Former Refugee, Advocates, and Experts Respond to Reports that Trump Administration Plans to Cut Refugee Admissions to Zero

Recording of the call is available here.

Washington, D.C. – Former refugees, advocates, and experts gathered today for a press call in response to reports that the Trump administration is planning to zero out the refugee admissions program. Below are key quotes from the call, and a recording can be found here.

Bios of former refugees who are available for interview are also below. Please email to arrange an interview.

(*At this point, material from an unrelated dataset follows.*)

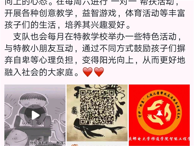 为共抗疫情,即使莘莘学子不能返校,也通过直播教学、网络视频教学等各个渠道汲取知识,同时为丰富他们在家学习的生活,各类活动的开展也是绘声绘色。2020年4月8日,守护“折翼”天使儿童帮扶志愿服务专项支队开展线上活动——“听听”他们的声音。旨在通过视频、文字配合着问卷让更多人了解到特殊 儿童这个群体,并加入到帮助特殊儿童的队伍中来。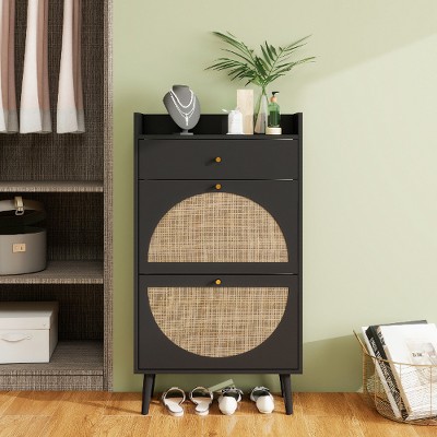 Upgrade your entryway with this stylish rattan shoe cabinet. Featuring 2 doors, 1 drawer, and double-layer storage with a built-in divider for optimal organization. The handcrafted rattan and open back design ensure ventilation. With a 45lb capacity and a handy top ledge, it's the perfect blend of natural art and practical function.

Anne Richard, Former Assistant Secretary of State for Population, Refugees and Migration (2012-2017):

“We have a treaty commitment to give sanctuary to people fleeing persecution. We are a country turning our backs on the post WWII commitments we had made when we realized we made a mistake turning away those fleeing the Nazis. Today, we are building walls and insulting the countries they live in and hardening our hearts against those in need.”

Michael Breen, President and CEO of Human Rights First and Former Army Officer: “Ronald Reagan must be rolling in his grave. These are essential national security and foreign policy tools and provide a lifeline for US allies including Iraqis who risked their lives for us. We promised those folks we would guarantee their safety and take care of them. That’s why Secretary Mattis spoke out against a similar policy and many in the military will oppose this policy. It’s hard to have allies when the world can’t trust you. Who would follow a leader that doesn’t do any of the work?”

Salemu Alimasi, former refugee from Democratic Republic of Congo and resettlement caseworker:

“At 6 years old, war broke out in my country, and I became a refugee. My childhood was stolen from me. My life was spent running from war and in a refugee camp. My father was a human rights activist and was targeted, so had to flee for a second time. What I’m hearing now makes me very sad. Refugees are not illegal. They are people in need. No other country can do refugee resettlement better than America. We should stand for those in need.”

Jen Smyers, Director of Policy and Advocacy, Church World Service:

“This is out of step with our values and morals as a country. It contradicts the commitment the U.S. has made to protect religious communities. We appeal to anyone in the administration who professes to be a person of faith and to recall our basic commandments to ‘welcome the stranger.’”


Refugee Leaders Available for Interview (please email to arrange an interview):

Aden Hassan – Somali refugee who now resides in Columbus, Ohio. After escaping the violence in Somalia at age 5, he and his mother lived for nearly 20 years in a refugee camp in Kenya. Both were approved to resettle in the U.S. Aden arrived on January 20th 2017, and his mother was due to arrive shortly after. However, due to Trump’s first Muslim and refugee ban, she did not make it. Aden is quite worried about her, as she has a heart condition and diabetes, and he was previously responsible for taking her to medical appointments.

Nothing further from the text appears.